Presumably, the treating physician decides, with a review by the state medical board should the treating physician's decision be challenged.
post #65 of 66
Quote:
Originally Posted by Pop Zeus
That's not the point. There's a way of making sure that Ms. Aborts-A-Lot and her obgyn, Dr. Mengele aren't sitting there torturing babies without telling doctors what medical procedures they can and cannot perform.
Not to trivialize the discussion, but SIGGED.
post #66 of 66
I'm really confused by alot of this. I'm just going to grab Necessiter's post because he touches on multiple ideas expressed by numerous people.

Quote:
Originally Posted by Dr. Necessiter
But that's the thing, Donde. we're not talking about taking the life of an "unborn child" (and that's a dangerous phrase for a pro-choice perspective, at any rate). We're discussing the destruction of a partially born infant. We're getting into that gray area between pregnancy and delivery.
I've never understood the sentiment of having different feelings for the termination of a fetus/baby/infant/child/zygote/whatever depending on its location (in or out of womb). Whatever IT is, pulling it out of the mother doesn't change it at all. If it is ok to terminate/kill/destroy/slice/dice/whatever inside the womb, it should be just as ok outside, right?

Quote:
Originally Posted by Dr. Necessiter
Most of us would agree that killing a born child is murder. Many of us can agree that terminating the life of a fetus is NOT murder. Partial birth abortion pushed into the realm between those two distinctions.
Like I said above, I completely disagree. Something is a human life deserving of protection or it isn't. Shouldn't this be based on the organism itself? Perhaps some measure of brain functioning (which I believe is how we legally define whether an adult is a live, human being or not)?

Quote:
Originally Posted by Dr.
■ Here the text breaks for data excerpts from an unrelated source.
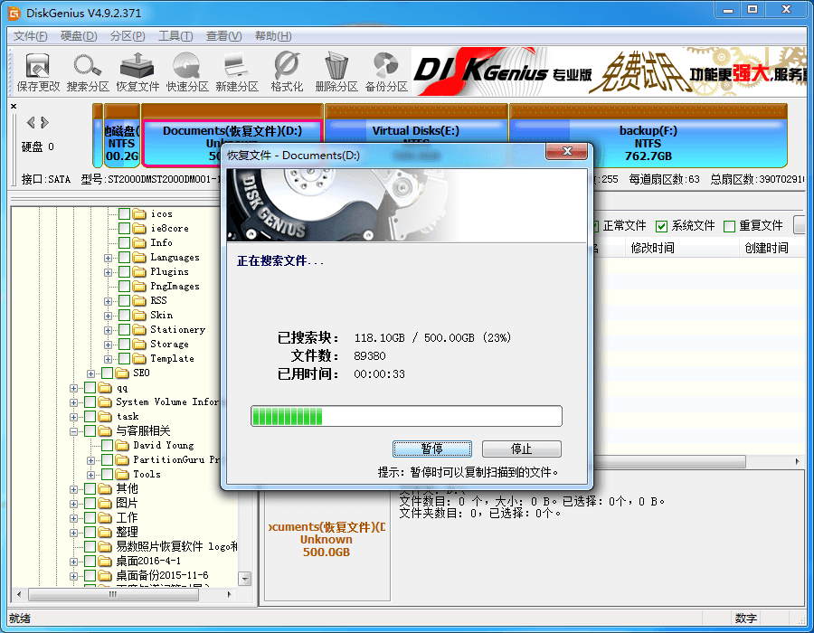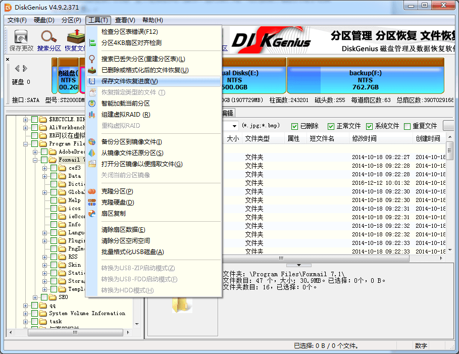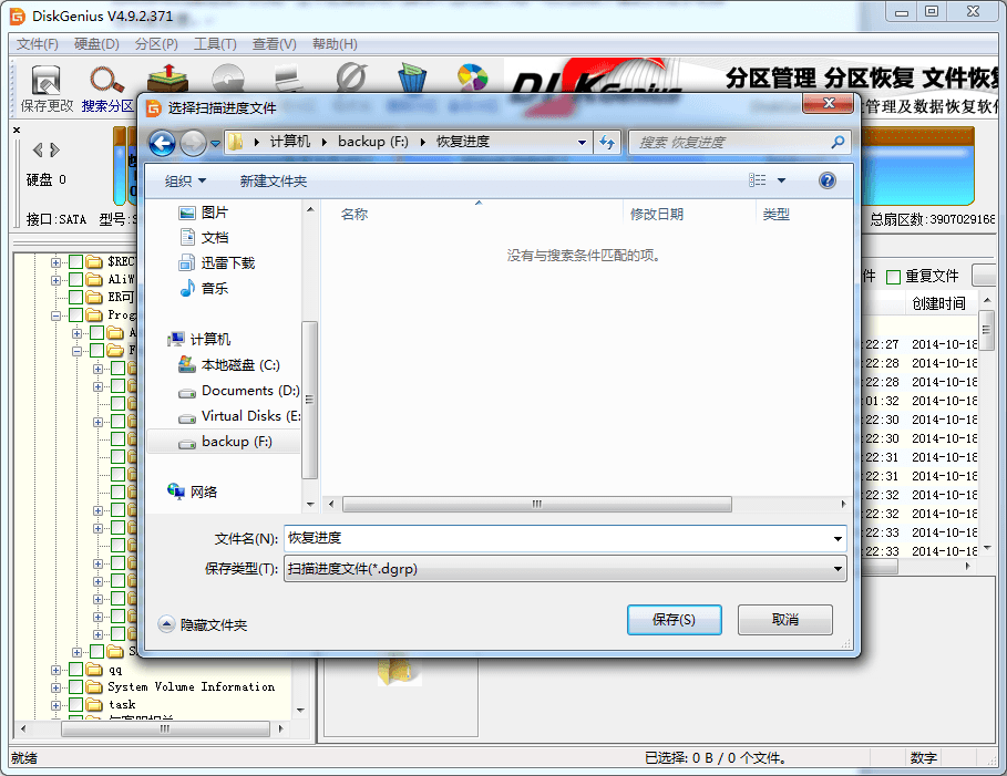 需要注意的是,DiskGenius在搜索恢复文件的时候会自动保存进度,但是,如果本软件位于扫描区域,它不会自动保存扫描进度,所以用户必须手动保存恢复进度。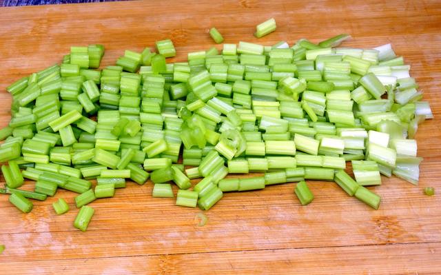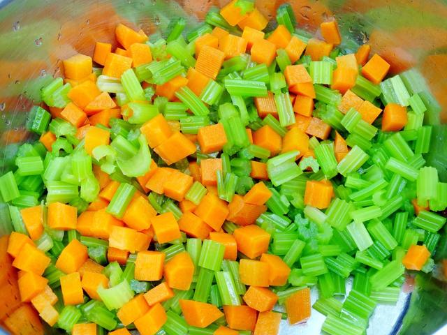 1.芹菜择洗干净,去掉叶子,留作它用。粗的芹菜梗从中间破开,切成1.5厘米的丁;胡萝卜洗净去皮,也切成1.5厘米的丁备用,葱白和生姜切末。
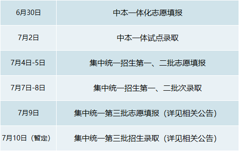 各批次的志愿填报及录取时间安排如下: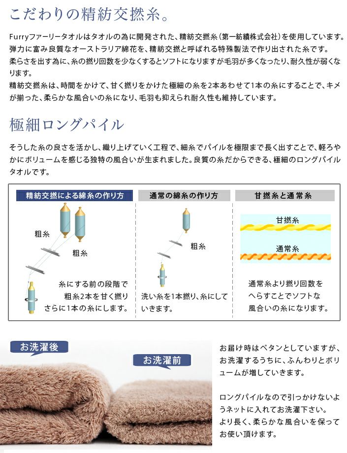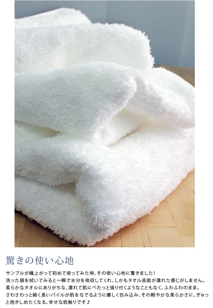 和泉山脈の天然水で晒しを行うことで生まれる、抜群の吸水性と肌なじみの良い柔らかさが特長です。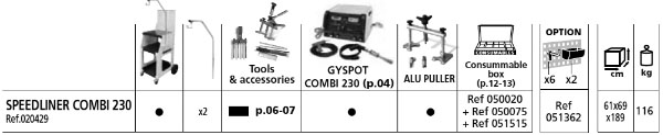Dobavljiv z: Speedliner combi 230 je celovita oprema za izvlek aluminija in jekla, s čimer bomo prihranili veliko časa. Oprema vsebuje: Aluspoter, voziček za aluspoter, potrošni material, vzvod za izvlek.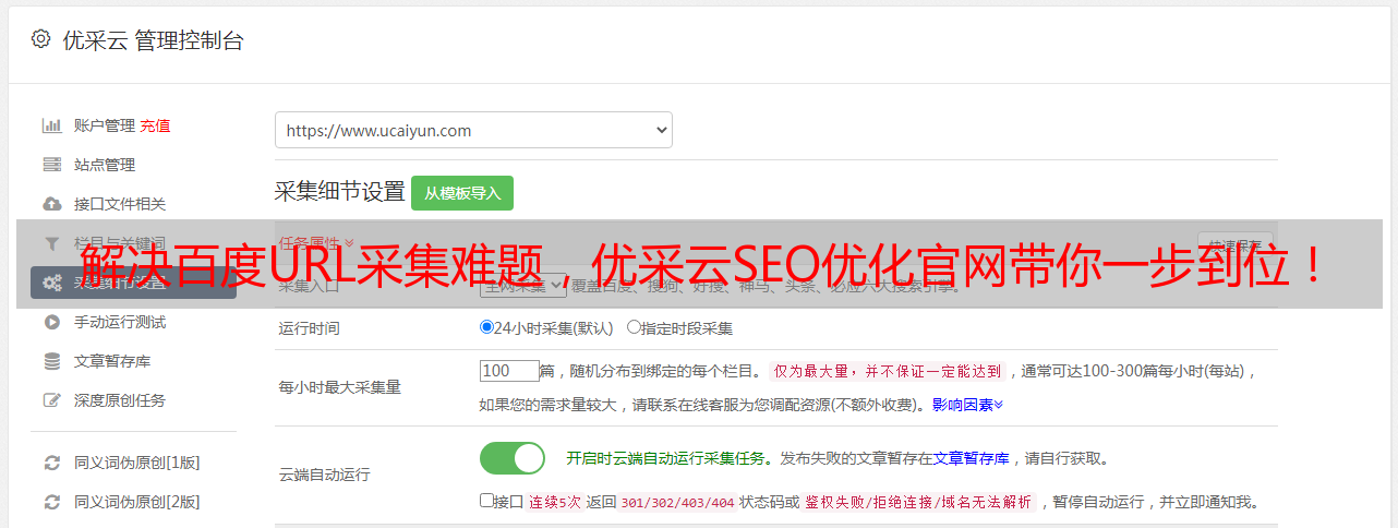 解决百度URL采集难题,优采云SEO优化官网带你一步到位!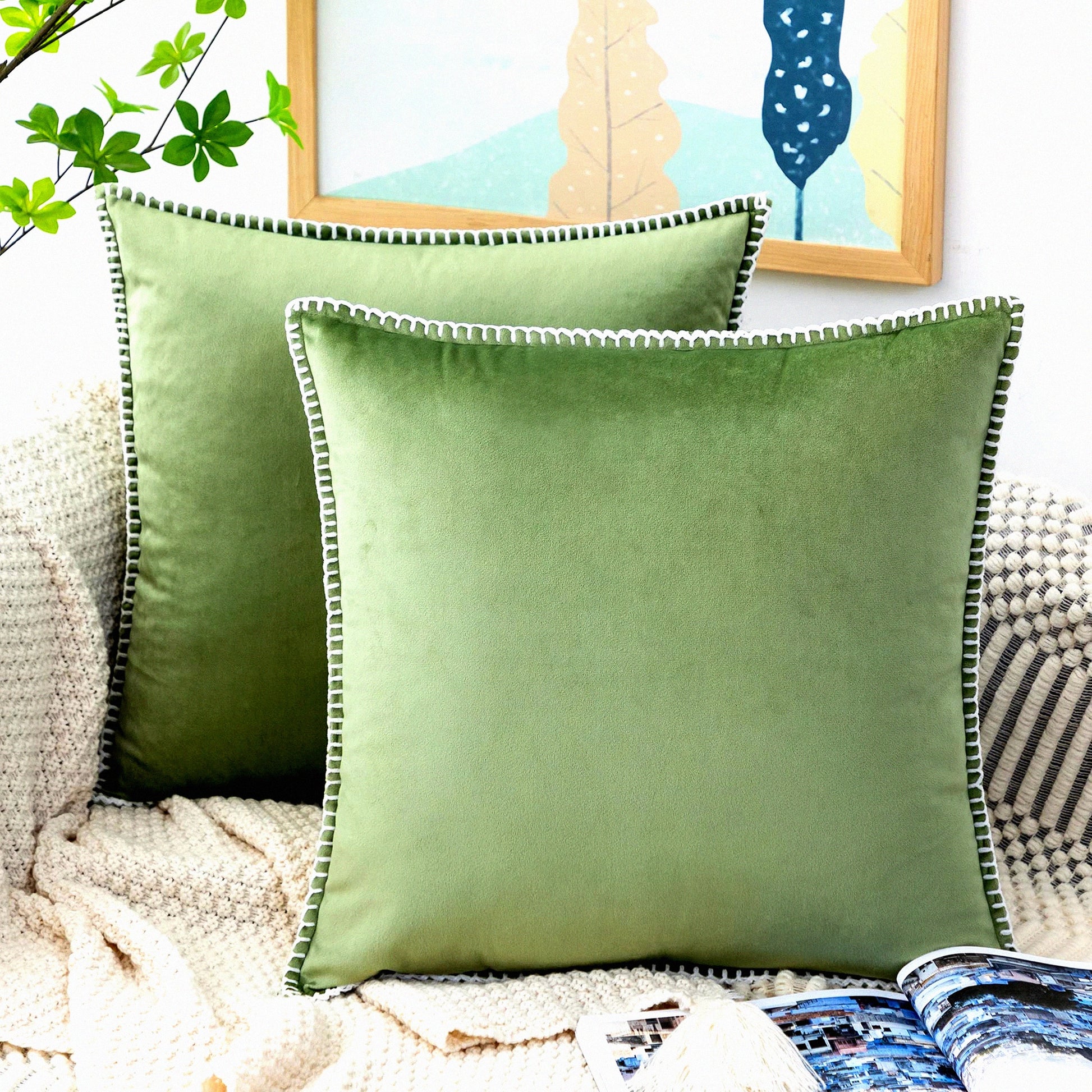 Velvet Farmhouse Square Pillow Covers - Set of 2, Soft Cushion Cover for Sofa Couch, Living Room, Bedroom - Sage Green Decorative Throw Pillowcase 18" x 18"

Necessiter
The Supreme Court, in my understanding, just drew a clear distinction and defined that gray area as out of bounds. Conceptually, this clarity of definition could, if managed carefully, strengthen the argument for the preservation of biological choice in regards to children (or "tissue") in the womb. At the level of argument, this ban could work AGAINST the pro-life contingency.
I completely agree. This could serve to set in place the birthing process as the defining point between human life and disposable tissue, which would completely halt the pro-life movement in its tracks.

I think there is a happy median somewhere, but I don't think this is it.

I wish people would move the abortion debate more into the realm of science, logic, and ethics and out of the realm of emotion.